052011_0128_BusinessInt1

Estimating Data Compression

Now that the age of in-memory databases has dawned on us, I’ve been experimenting with different aspects of VertiPaq and I find its technology fascinating. It’s safe to say that VertiPaq will propel Microsoft Business Intelligence for years to come with all of its three flavors: PowerPivot (self-service BI), Business Intelligence Semantic Model (corporate BI), and data warehousing (column-based stored indexes). Unlike Analysis Services MOLAP, which compresses data by rows, VertiPaq compresses data by columns.

Column-based compression fits business intelligence like a glove because data is typically analyzed by columns. And, the lower the data cardinality (that is the more repeating values a column has), the higher its compression rate will be. Since most columns used for analytics fit this category, you could expect 10-15 times data compression. Consequently, a half terabyte database could potentially fit into 80 GB of memory. Notice that I account for more memory because when data is brought from disk into memory, additional space is needed to accommodate index tables and other structures. So, how is this not cool? Moving to BISM, all of your data could fit into memory so you could get a head start in performance just by having a superfast storage medium!

Continuing this line of thought, I decided to take the Contoso Retail DW database and a real-life data warehouse for a spin to see how VertiPaq compresses them. I used the excellent PowerShell script that Vidas Matelis developed. Since fact tables typically contribute to 95% of the data warehouse storage space, I focused on only one fact table from both databases. To measure the VertiPaq compression, I loaded the fact tables into PowerPivot and run the script to obtain their storage space.

MOLAP

VertiPaq

Contoso (FactSales)

129 MB

35 MB

DW (20 mil fact table)

810 MB

792 MB

As you can see, the Contoso VertiPaq results are very impressive. But what happened with the real-life DW? How could VertiPaq be only marginally better than MOLAP? To analyze this further, I used the script ability to get a column compression breakdown and I’ve noticed that the following top two columns occupy the most space:

TRANS_DTLS_KEY: 400 MB (primary key)

LOG_ID: 268 MB (transaction identifier)

Both of these columns are high-cardinality columns. I used these columns in a cube drillthrough action to get the transaction details behind a cell. Subsequently, I added them to PowerPivot so I could compare the same data structures. Currently, PowerPivot doesn’t support drillthrough so adding these columns to PowerPivot is probably not needed in real life. It will be interesting to see how BISM will implement drillthrough. One thing is sure: it makes sense to leave high-cardinality attributes out of VertiPaq and possibly use report actions (if supported) to report on details.

VertiPaq Column Store

In SQL 11, the VertiPaq column store that will power the new Business intelligence Semantic Model (BISM) will be delivered in three ways:

1. PowerPivot – in-process DLL with Excel 2010.
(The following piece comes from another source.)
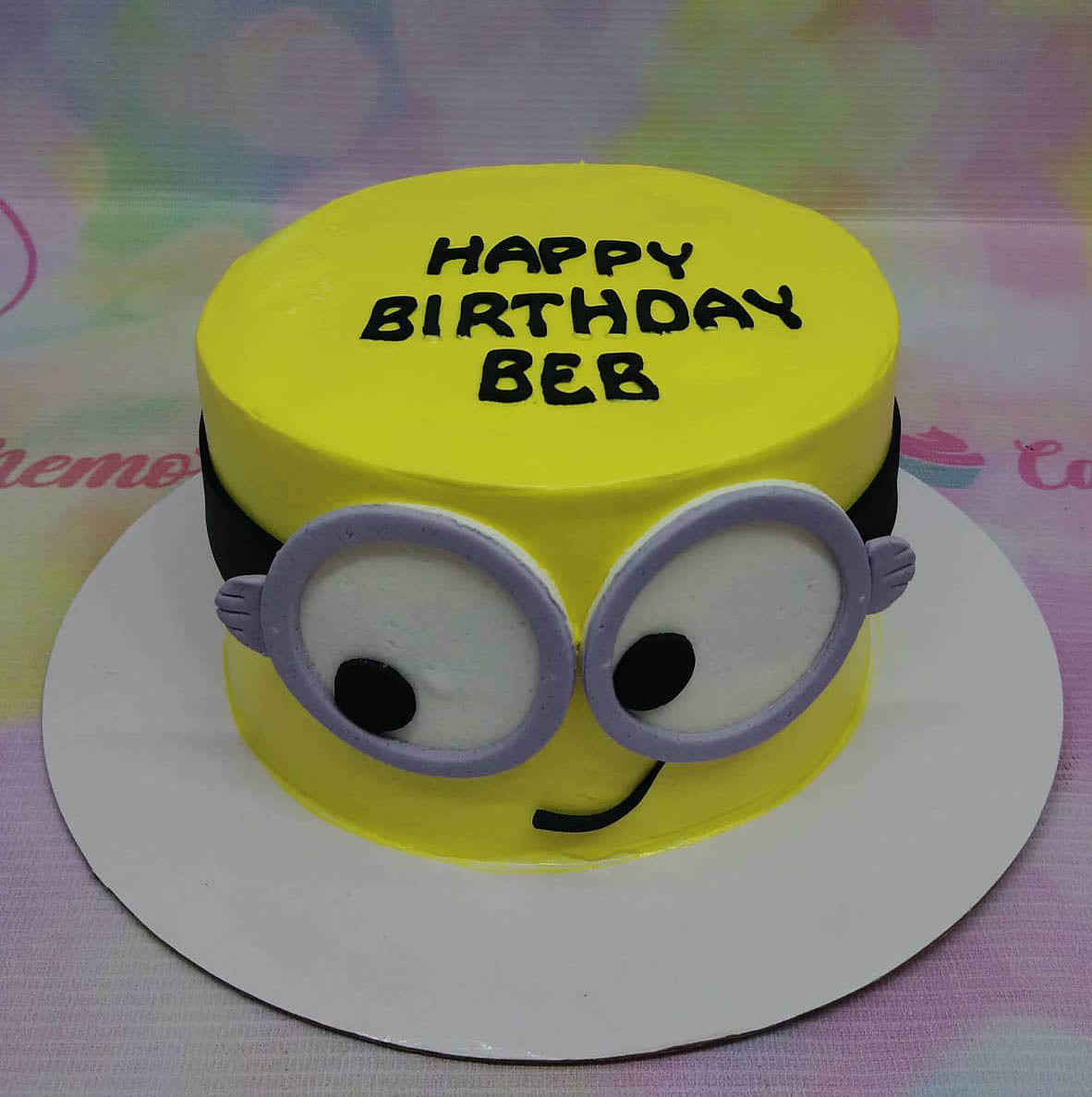 Yellow Minion-themed birthday cake with large fondant eyes, a black strap, and a smiling mouth, featuring a birthday message on top.

2. A second storage mode of Analysis Services that you will get by installing SSAS in VertiPaq mode.

3. A new column stored index in the SQL RDBMS.
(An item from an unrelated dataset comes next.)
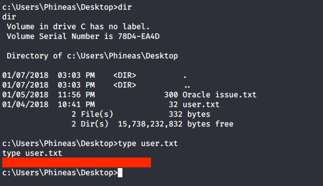 Obtained a shell to the system using “shell” meterpreter command. Browsed to “C:\Users” to know users available on system and moved to Phineas directory to look for user flag.

The third option picked up my interest. I wanted to know if a custom application will be able to take advantage of these indexes outside VertiPaq. For example, this could be useful for standard reports that query directly the database. It turns out that this will be possible. The following paper discusses columnstore in more details. In a nutshell, SQL 11 will run the VertiPaq engine in-process. Here are some highlights of the VertiPaq columnstore:

  • You create an index on a table.
  • You cannot update the table after the index is created. Not a big limitation since a data warehouse is typically loaded on a schedule so the index can be dropped and rebuilt at the end of the ETL process.
  • The relational engine scans the entire table and loads it into memory in a Vertipaq store. As you could imagine, the more RAM the better.
  • Query performance will be great but probably slower than VertiPaq in SSAS.
  • Creation of this index isn’t cheap, but the query performance gains should justify using it in common DW scenarios.
  • From performance standpoint, it will be best to load data in VertiPaq (SSAS store) instead of using column store.